#### [Problem description]
Exact copies of all the lines below are required, with the pictures omitted.

#### [Collected material]
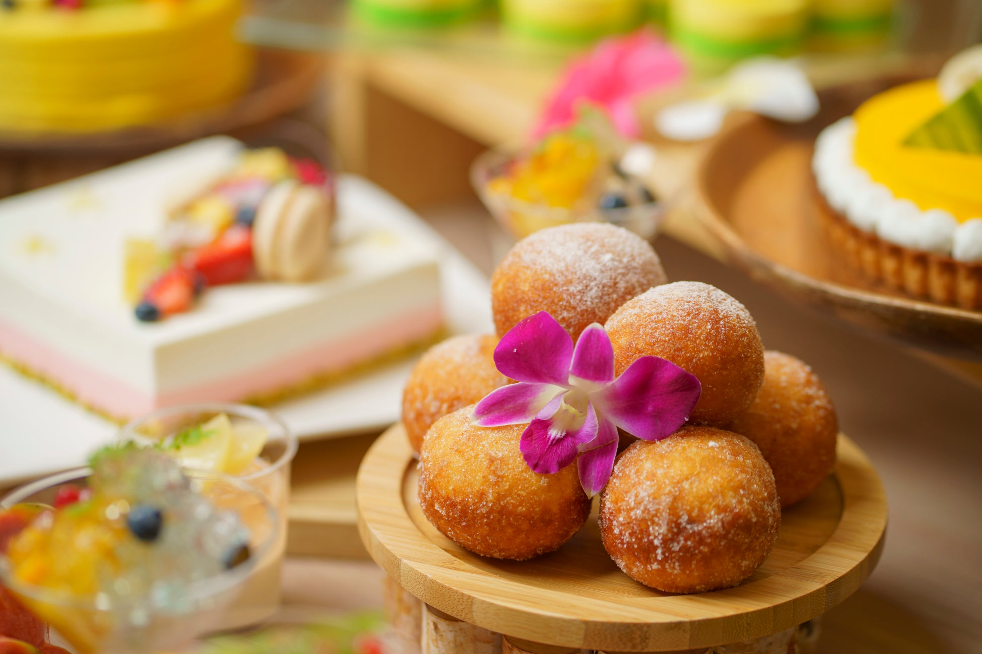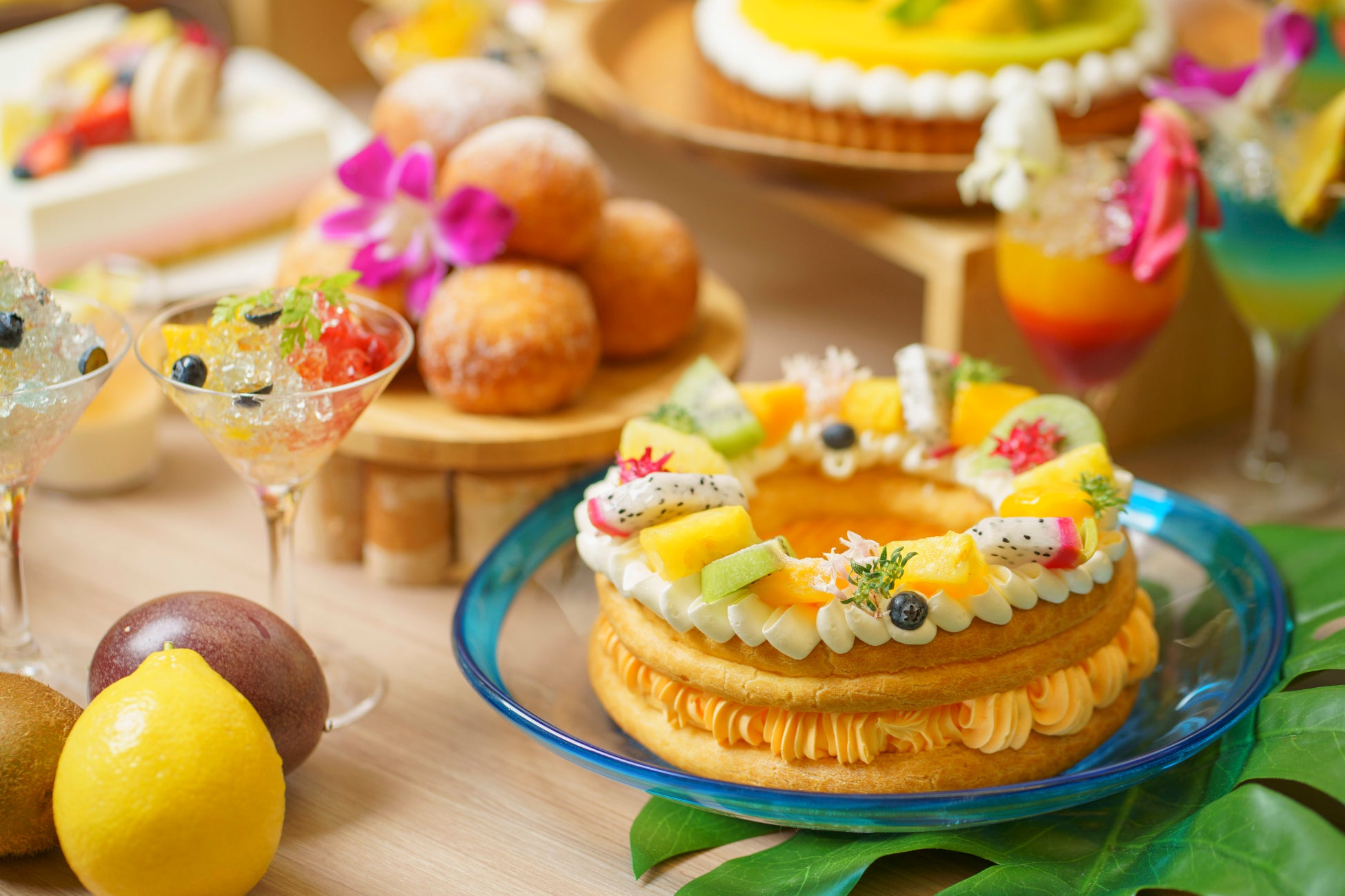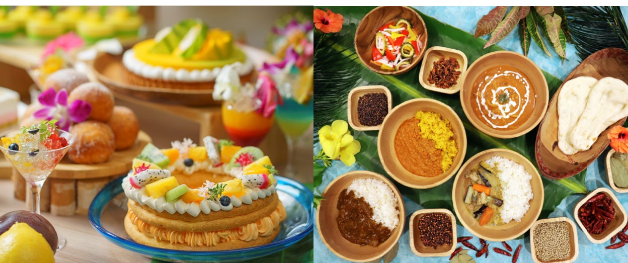 オールデイダイニング「グランドキャッスル カフェ&ダイニング」では四季に合わせスイーツビュッフェを提供し、今回は沖縄で生産されたフルーツをふんだんに使用したスイーツと4種類のカレーで「甘いと辛い」の無限ループのお時間を期間中の週末・祝日限定にてお楽しみいただけます。カレーはキーマカレー、バターチキンカレー、グリーンカレー、とろとろ牛すじのカレーの計4種類とナンをご用意いたします。この時期しか味わえないカラフルで色鮮やかな可愛らしいスイーツと、カレーの最強タッグを心ゆくまでご堪能ください。辛くないカレーもご準備いたしますので、辛いものが苦手な方やお子様も安心してお召し上がりいただけます。
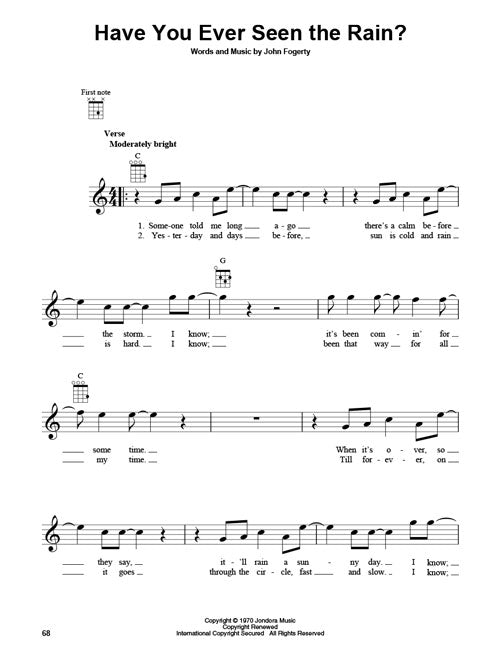 50 favorites for standard G-C-E-A ukulele tuning, including: All Along the Watchtower · Burning House · Can't Help Falling in Love · Don't Worry, Be Happy · Folsom Prison Blues · Ho Hey · I'm Yours · King of the Road · Lava · Rude · Stand by Me · Sweet Home Alabama · You Are My Sunshine · and more.
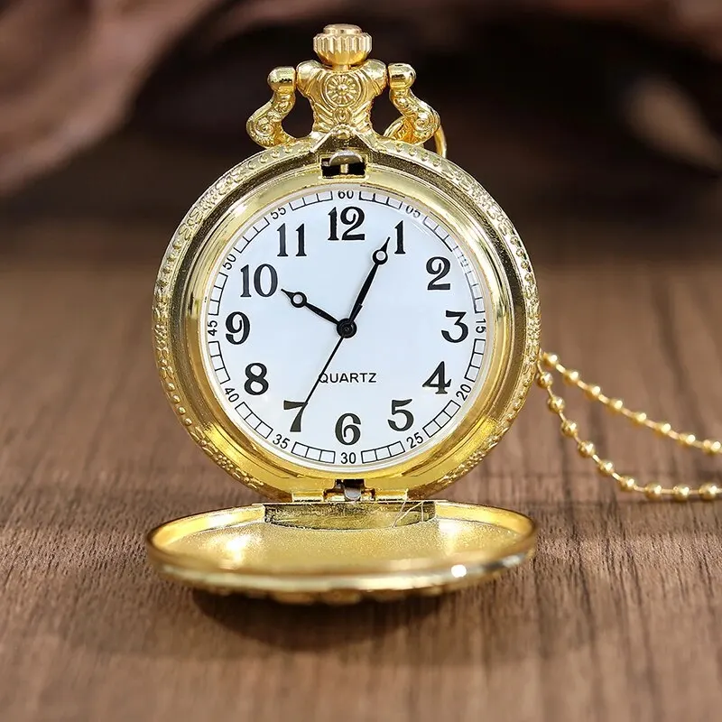 Montre de poche à Quartz de fleur d'or de luxe impression Double face Design de mode pendentif Fob montre chaîne cadeaux pour hommes

#### [Written response]
 オールデイダイニング「グランドキャッスル カフェ&ダイニング」では四季に合わせスイーツビュッフェを提供し、今回は沖縄で生産されたフルーツをふんだんに使用したスイーツと4種類のカレーで「甘いと辛い」の無限ループのお時間を期間中の週末・祝日限定にてお楽しみいただけます。カレーはキーマカレー、バターチキンカレー、グリーンカレー、とろとろ牛すじのカレーの計4種類とナンをご用意いたします。この時期しか味わえないカラフルで色鮮やかな可愛らしいスイーツと、カレーの最強タッグを心ゆくまでご堪能ください。辛くないカレーもご準備いたしますので、辛いものが苦手な方やお子様も安心してお召し上がりいただけます。
 50 favorites for standard G-C-E-A ukulele tuning, including: All Along the Watchtower · Burning House · Can't Help Falling in Love · Don't Worry, Be Happy · Folsom Prison Blues · Ho Hey · I'm Yours · King of the Road · Lava · Rude · Stand by Me · Sweet Home Alabama · You Are My Sunshine · and more.
 Montre de poche à Quartz de fleur d'or de luxe impression Double face Design de mode pendentif Fob montre chaîne cadeaux pour hommes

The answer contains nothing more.